• Task: Drop the images, then output the listing exactly.

• Data section:

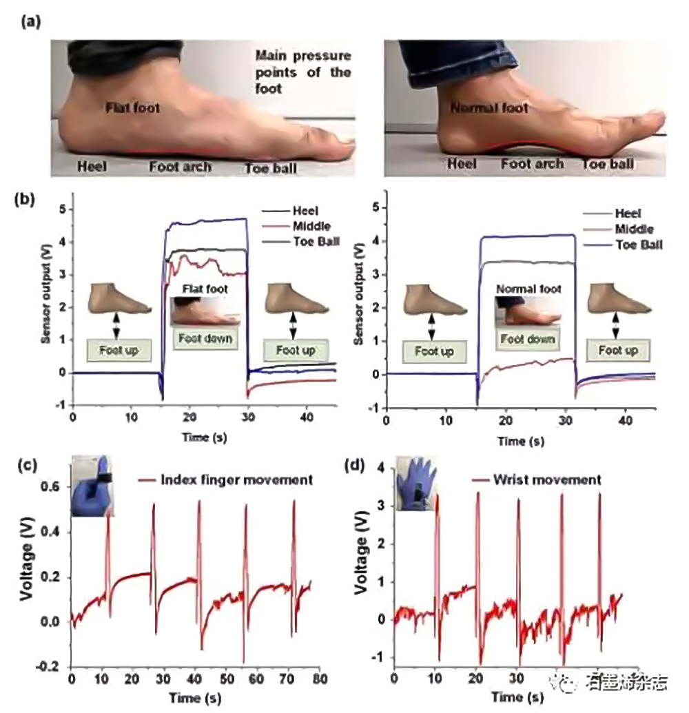 7. 石墨烯- PDMS泡沫传感器在足部解剖和人体运动监测中的应用:(a)比较低足弓/扁平足与中等足弓生物力学效率的图像;(b)比较两种不同足型获得的SSA压力响应;(c)传感器对食指轻弹的响应;(d)传感器对手腕轻弹的响应。
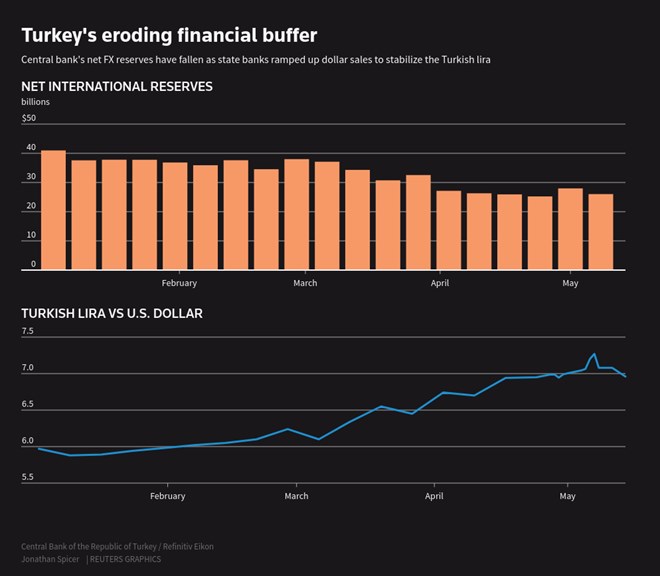 The Turkish central bank's net foreign currency reserves tmsnrt.rs/3bOJYmo have dropped to $26 billion from $40 billion this year. Bankers say that was largely due to state lenders selling some $30 billion in FX markets to support the lira, which has nonetheless fallen 15% this year.
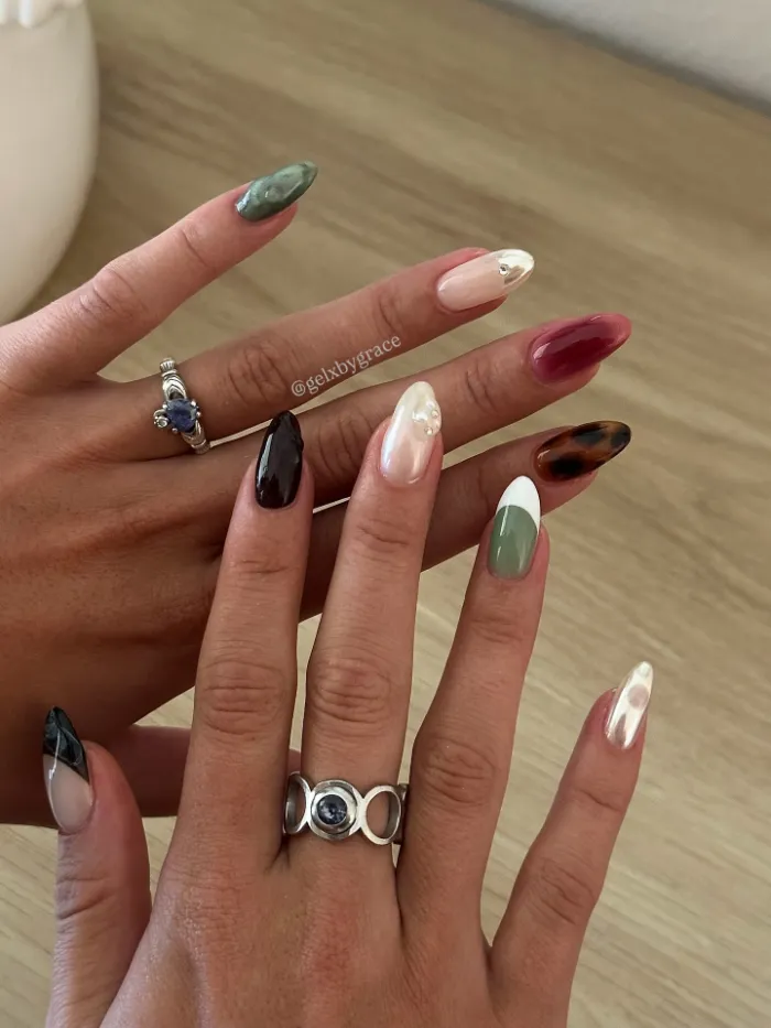 From pearl white to mossy green and rich burgundy, this aura mix is perfect for lovers of eclectic styles. Each nail tells its own story, creating a beautiful mismatch look that feels fresh and artistic. A creative option if you adore variety in your sets.

• Solution to the problem:
 7. 石墨烯- PDMS泡沫传感器在足部解剖和人体运动监测中的应用:(a)比较低足弓/扁平足与中等足弓生物力学效率的图像;(b)比较两种不同足型获得的SSA压力响应;(c)传感器对食指轻弹的响应;(d)传感器对手腕轻弹的响应。
 The Turkish central bank's net foreign currency reserves tmsnrt.rs/3bOJYmo have dropped to $26 billion from $40 billion this year. Bankers say that was largely due to state lenders selling some $30 billion in FX markets to support the lira, which has nonetheless fallen 15% this year.
 From pearl white to mossy green and rich burgundy, this aura mix is perfect for lovers of eclectic styles. Each nail tells its own story, creating a beautiful mismatch look that feels fresh and artistic. A creative option if you adore variety in your sets.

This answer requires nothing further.